La Russie est probablement bien plus forte que ce que l’on croit. C’est du moins la conviction du colonel autrichien et stratège militaire de haut niveau Markus Reisner. «Nous avons besoin d’une image objective de la situation. Cela ne nous aide pas de nous dire que les assaillants russes sont en mauvaise posture, explique-t-il dans le journal allemand «Die Welt». Cela masque la réalité de la situation.»
Markus Reisner s’attend à une nouvelle escalade de la violence dans le Donbass au cours des deux à trois prochaines semaines. Selon lui, ces combats seront particulièrement violents «parce que les Russes essaient à présent de provoquer une décision».
«L’Ukraine a un besoin urgent de nouvelles armes»

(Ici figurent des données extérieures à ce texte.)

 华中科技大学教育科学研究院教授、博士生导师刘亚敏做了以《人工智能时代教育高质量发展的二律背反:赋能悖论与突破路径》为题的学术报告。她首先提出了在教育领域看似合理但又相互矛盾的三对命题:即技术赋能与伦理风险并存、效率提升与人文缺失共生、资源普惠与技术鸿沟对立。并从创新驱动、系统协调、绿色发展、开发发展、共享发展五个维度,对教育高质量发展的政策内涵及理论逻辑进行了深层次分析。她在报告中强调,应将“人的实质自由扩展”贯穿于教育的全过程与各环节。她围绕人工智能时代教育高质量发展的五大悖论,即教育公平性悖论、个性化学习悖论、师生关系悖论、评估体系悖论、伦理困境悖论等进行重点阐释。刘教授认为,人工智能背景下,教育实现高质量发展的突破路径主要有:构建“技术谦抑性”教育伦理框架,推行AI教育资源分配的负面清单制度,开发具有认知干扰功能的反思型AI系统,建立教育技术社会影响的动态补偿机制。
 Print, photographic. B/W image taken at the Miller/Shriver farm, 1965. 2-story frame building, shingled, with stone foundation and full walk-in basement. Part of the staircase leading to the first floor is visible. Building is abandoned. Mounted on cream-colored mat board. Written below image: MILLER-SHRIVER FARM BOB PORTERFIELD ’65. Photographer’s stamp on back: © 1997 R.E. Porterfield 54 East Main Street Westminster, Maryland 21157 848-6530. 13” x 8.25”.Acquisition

«L’Ukraine a besoin de toute urgence de nouvelles armes. Les livraisons d’armes de l’Occident sont désormais une course contre la montre», estime le stratège. Les livraisons d’armes lourdes auraient commencé trop tard. Par ailleurs, la Russie s’emparerait ou détruirait une «partie non négligeable» des convois de livraison.

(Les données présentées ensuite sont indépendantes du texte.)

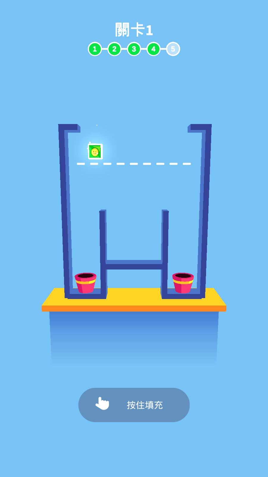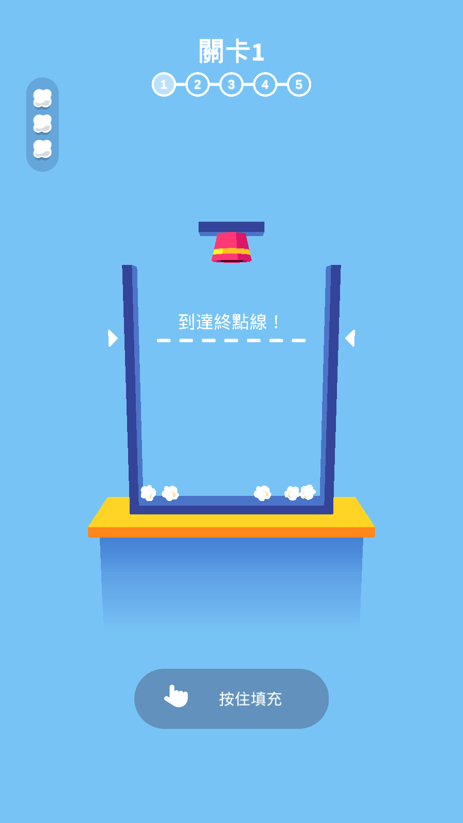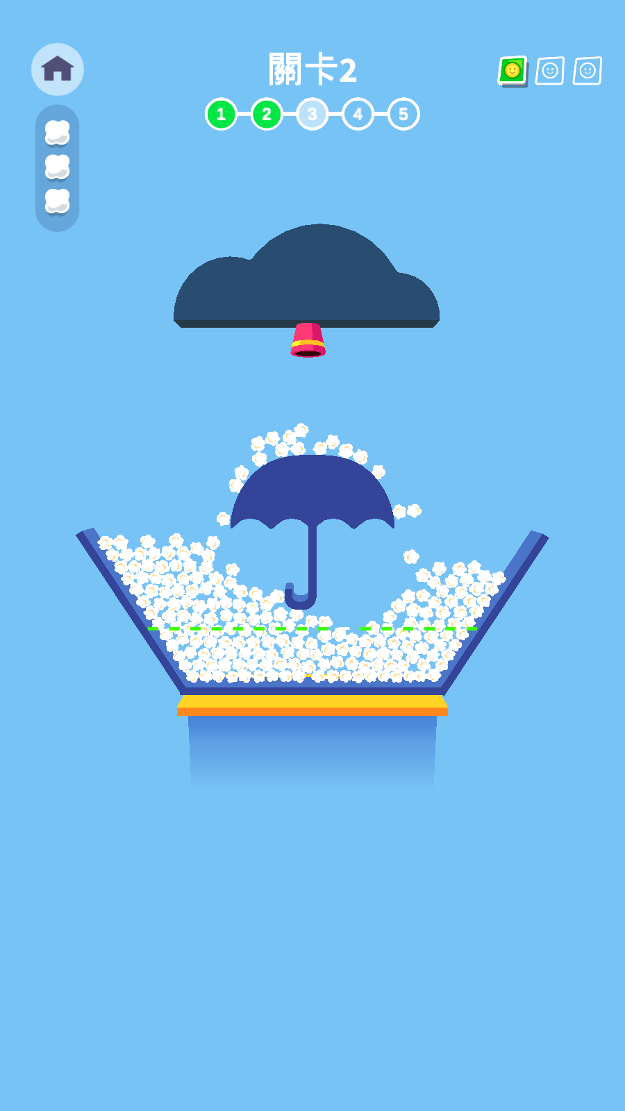 游戏的玩法非常简单。玩家会面对各式各样的爆米花填充场景:常规的梯形、圆形桶,奇妙的三角型桶,又或者是一些奇形怪状,让人意想不到的形状……玩家需要做的,就是长按屏幕,让爆米花源源不断的出口蹦出,将容器填充至标准刻度处。

Le Kremlin aurait même publié des manuels expliquant comment se servir des armes capturées et les utiliser contre l’Ukraine. «Et c’est déjà arrivé», poursuit l’expert militaire: «Selon les informations américaines, les armes que l’Occident apporte en Ukraine en l’espace d’une semaine sont utilisées en l’espace d’une journée, donc immédiatement utilisées par les Ukrainiens ou alors capturées ou détruites par les Russes.»
«Maintenant, les Russes sont préparés»
Selon Markus Reisner, la Russie veut désormais former deux tenailles dans le Donbass, à hauteur d’Izioum et de Donetsk, pour encercler les troupes ukrainiennes. «Le problème, c’est que les positions des Ukrainiens dans cette zone ne sont pas aussi fortes que sur l’ancienne ligne de contact, c’est-à-dire à l’est de Kramatorsk», craint l’Autrichien.

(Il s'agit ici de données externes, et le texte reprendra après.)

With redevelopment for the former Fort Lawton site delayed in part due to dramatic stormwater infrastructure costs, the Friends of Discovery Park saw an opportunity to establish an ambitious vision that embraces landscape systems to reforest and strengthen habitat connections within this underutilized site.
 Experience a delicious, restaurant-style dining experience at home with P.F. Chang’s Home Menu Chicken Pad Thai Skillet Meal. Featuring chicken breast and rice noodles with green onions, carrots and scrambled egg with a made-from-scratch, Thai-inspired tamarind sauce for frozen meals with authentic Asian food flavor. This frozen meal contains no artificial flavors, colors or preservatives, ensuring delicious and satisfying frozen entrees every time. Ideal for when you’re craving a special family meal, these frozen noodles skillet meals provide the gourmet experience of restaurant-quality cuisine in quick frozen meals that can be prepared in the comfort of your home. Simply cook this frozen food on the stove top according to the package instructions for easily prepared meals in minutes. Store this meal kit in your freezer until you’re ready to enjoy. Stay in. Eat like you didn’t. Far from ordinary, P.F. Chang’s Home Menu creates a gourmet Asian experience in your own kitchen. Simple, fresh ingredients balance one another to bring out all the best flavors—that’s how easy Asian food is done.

Par le passé, l’Ukraine avait certes réussi à tendre des embuscades aux soldats russes avec des unités spéciales. Mais cette tactique ne fonctionne plus aujourd’hui: «Cela avait fonctionné ailleurs pendant les six premières semaines, mais les Russes sont désormais préparés, et les forces spéciales russes (ndlr: Spetsnaz) pourchassent les forces spéciales ukrainiennes. Elles les neutralisent malheureusement assez souvent.»
Selon Markus Reisner, il ne faut pas non plus se laisser abuser par la lente progression des Russes. En effet, les soldats de Vladimir Poutine avancent désormais «lentement, largement et avec un soutien massif de l’infanterie, les chars étant protégés à droite et à gauche par d’autres sections de chars». Ainsi, les assaillants n'avancent certes que d’environ 1,5 kilomètre par heure, mais ils peuvent ainsi éviter de tomber dans une embuscade.
Tout le sud doit être pris
L'analyste militaire met en garde, en somme, de ne pas sous-estimer l’armée russe: «Nous ne devons pas faire l’erreur d’interpréter la lenteur de l’avancée comme une faiblesse. C’est exactement ce qui est prévu. Cela peut prendre des semaines.»
Le stratège ne croit donc pas que la guerre en Ukraine puisse prendre fin prochainement. Selon lui, la Russie veut s’emparer de tout le sud dans le cadre de nouveaux combats afin de couper l’Ukraine de son important accès maritime. En conclusion, Markus Reisner dresse un bilan sombre de la situation en Ukraine: «La vérité amère est que Poutine peut gagner la guerre.»